[Start of Attachment]

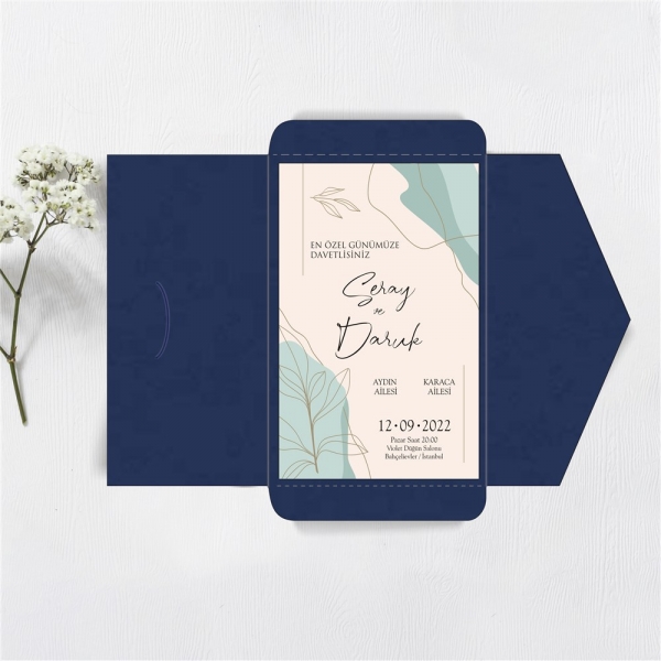 | Açıklama | Retro Davetiye 542'nin zarfı kalın gramajlı lacivert kağıttan yapılmıştır. |
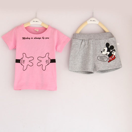 Cartoon Print Cloth Sets Summer Baby Boys Girls T Shirts + Casual Striped Pants Suit 2PCs Hot
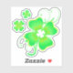 Una bonito, cuatro trébol de hojas con tonos oscuros de verde acentuado con elegantes remolinos y dos pequeñas rocas de champán verde. ¡Es un toque de buena suerte para el Día de San Patricio! Personalizar en este pegatina de corte de besos de vinilo en dos opciones de fondo. ¡Ideal para hacer reservas de recortes y más!
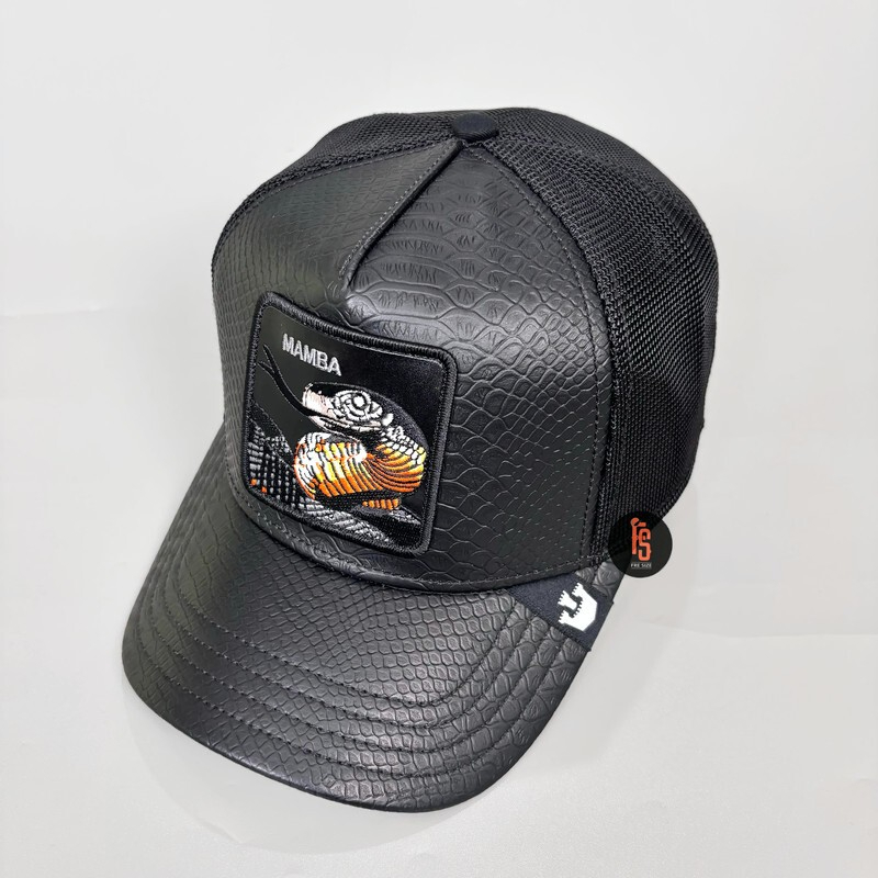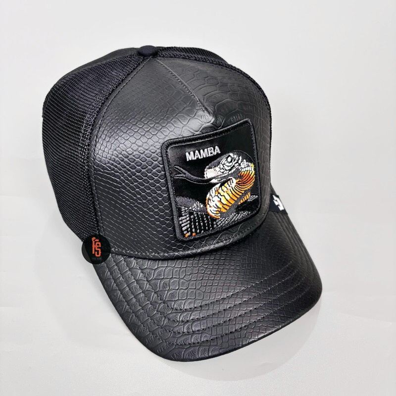 TOPI PRIA GOORIN BROS TRUCKER THE MAMBA LEATHER SNAKESKIN BLACK ORIGINAL
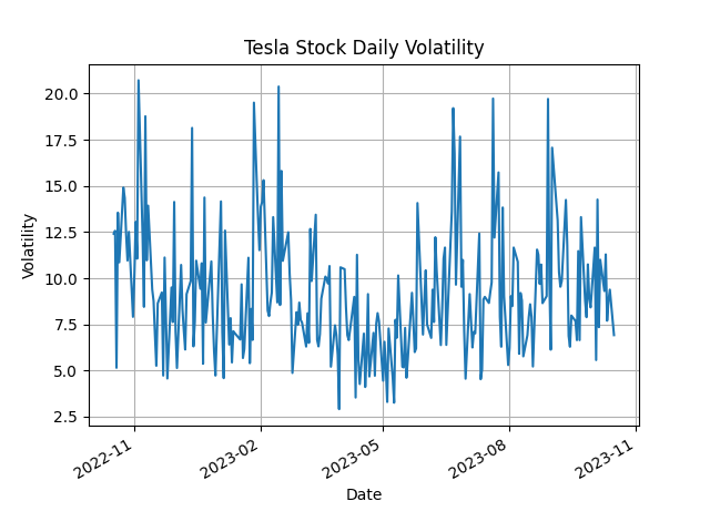 Next, we can check the groupchat folder, which we set as our work_dir for the results. As you can see, it's been quite a volatile year for Tesla...
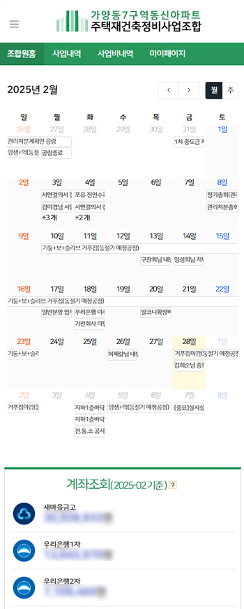 조합원용 실시간 계좌조회, 파일조회, 사업 타임라인 조회 시스템을 제공하여 신뢰기반, 빠른 사업추진이 가능합니다.
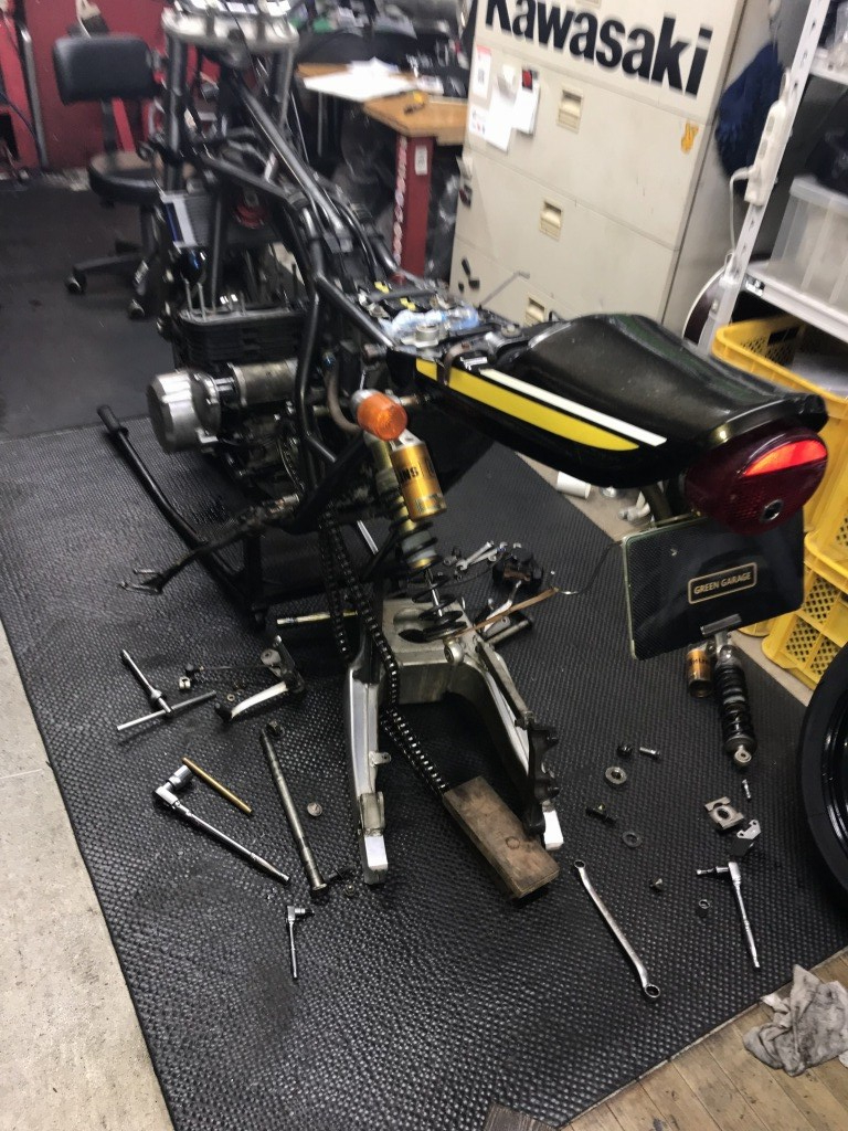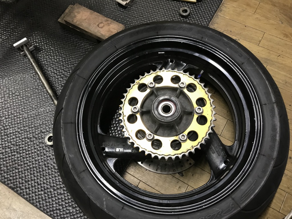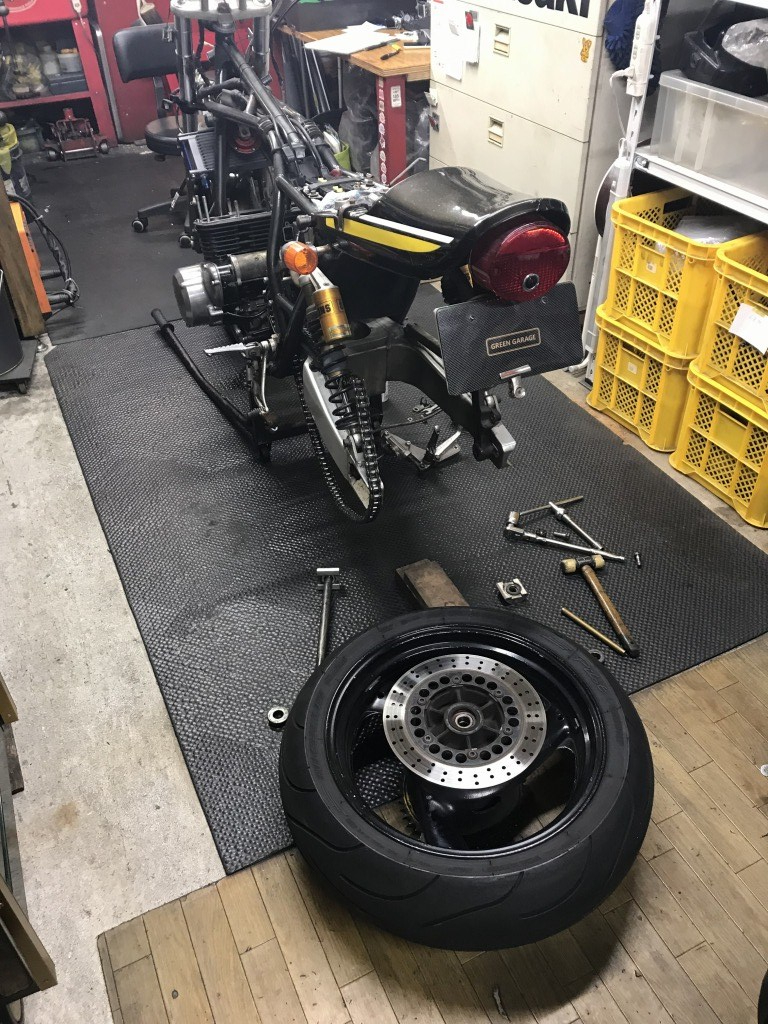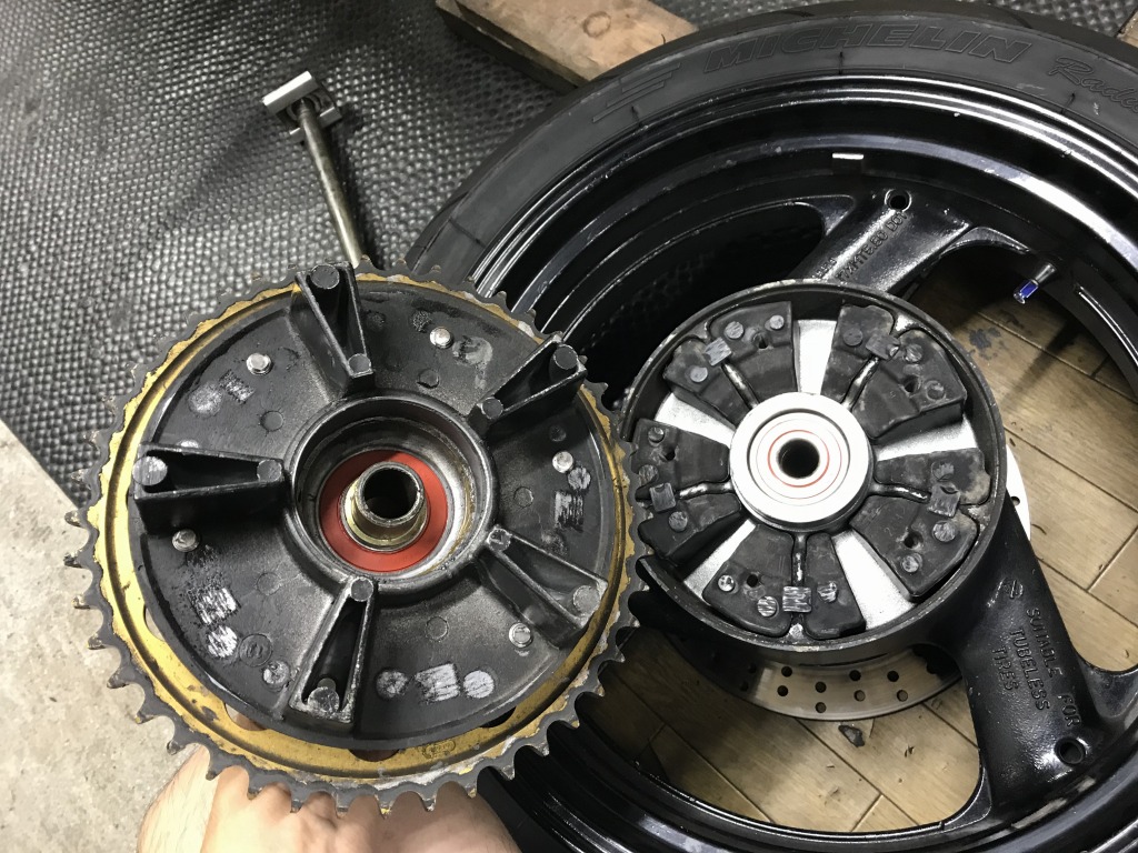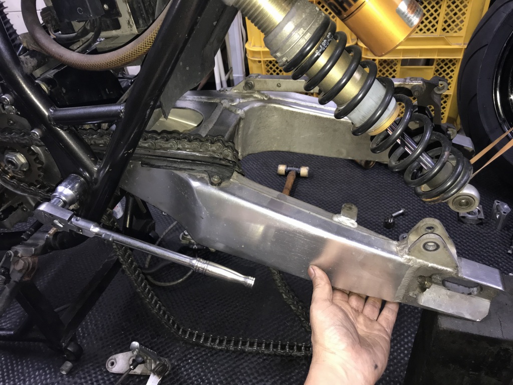 続いてリヤ周り。スイングアームを外して点検します。
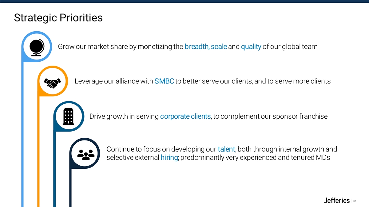 Strategic Priorities Grow our market share by monetizing the breadth, scale and quality of our global team Leverage our alliance with SMBC to better serve our clients, and to serve more clients Drive growth in serving corporate clients, to complement our sponsor franchise Continue to focus on developing our talent, both through internal growth and selective external hiring; predominantly very experienced and tenured MDs 42

[End of Attachment]

→ **WORK TO BE COMPLETED**: In the copy, include each line from the start of the material through the line with "Cartoon Print Cloth", word for word, but none of the pictures.

→ **TASK RESULT**:
 | Açıklama | Retro Davetiye 542'nin zarfı kalın gramajlı lacivert kağıttan yapılmıştır. |
 Cartoon Print Cloth Sets Summer Baby Boys Girls T Shirts + Casual Striped Pants Suit 2PCs Hot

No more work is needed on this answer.